I have a machine dataset with the below details.我有一个包含以下详细信息的机器数据集。

Sample df:样本df:

在此处输入图像描述

Need to create a new column called "Quality Match" , and that column indicates whether the current shift Planned Quality is the same as the actual Quality .需要新建一个名为“Quality Match”的列,该列表示当前班次Planned Quality是否与实际Quality相同

Below are the conditions.以下是条件。

1.)First of all, need to check the planned Quality is the same as the Actual Quality , if yes>>>Update "Quality Match" as 0. 1.)首先,需要检查计划的质量是否与实际质量相同,如果是>>>更新“质量匹配”为0。

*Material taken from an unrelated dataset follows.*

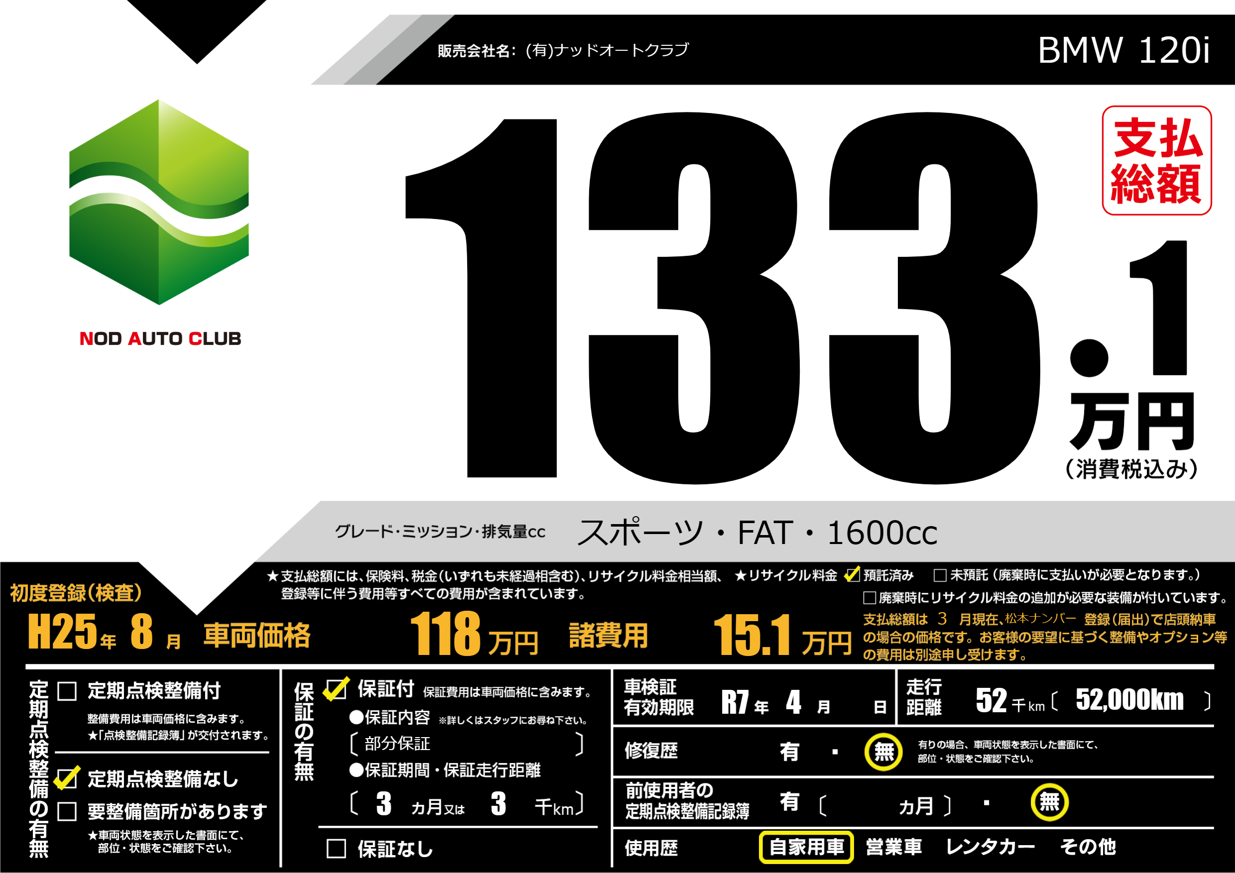 | 車名 | BMW 120i | グレード ミッション 排気量 |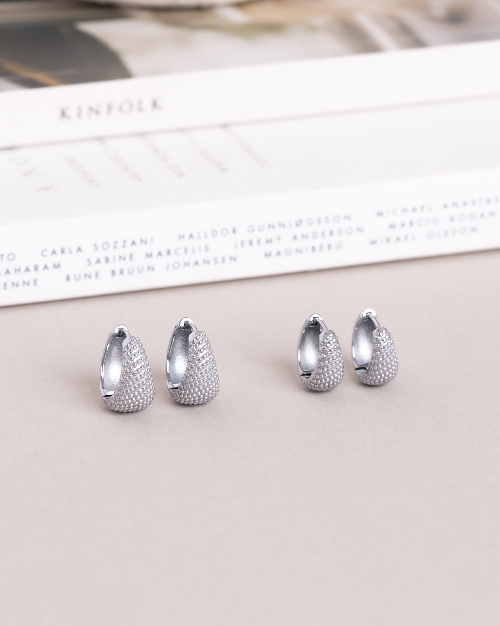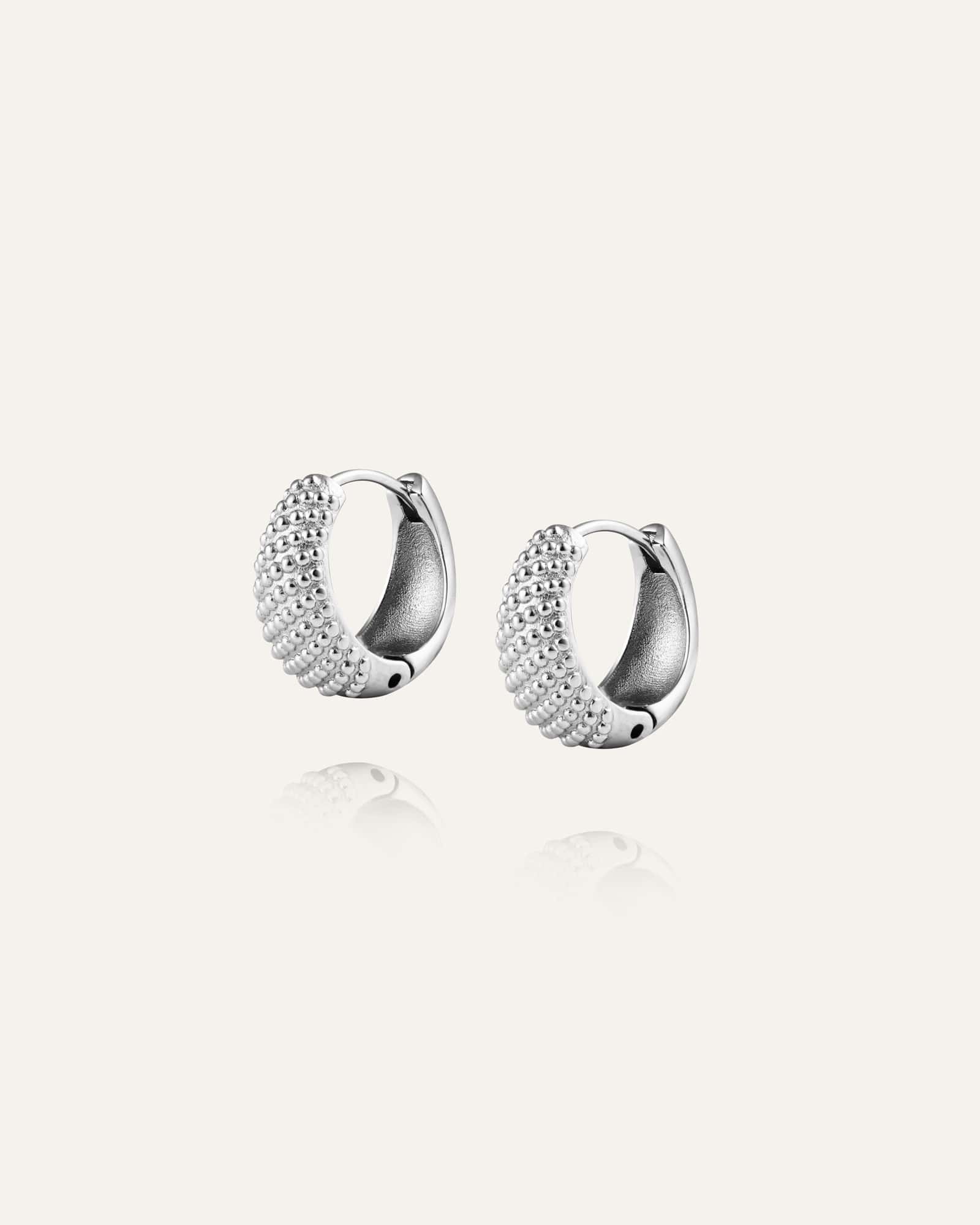 Honey Hoops hebben een uniek ontwerp met een gestructureerd patroon dat ze onderscheidt van de klassieke Bold Hoops. Gemaakt van massief roestvrij staal – duurzaam en waterbestendig.

2.) 2.1 If they are different from each other, need to check previous shift's actual quality is the same as the current actual quality and 2.2 if not need to check Planned Quality column and where are previous shift's Actual quality lastly located and get the all unique qualities after that to the current cell and check whether the current actual quality contains in that selected qualities. 2.) 2.1 如果不同,需要检查上一班的实际质量与当前实际质量是否相同; 2.2如果不需要检查计划质量栏,上一班的实际质量最后定位在哪里并得到所有之后对当前单元格的唯一品质,并检查当前实际品质是否包含在所选品质中。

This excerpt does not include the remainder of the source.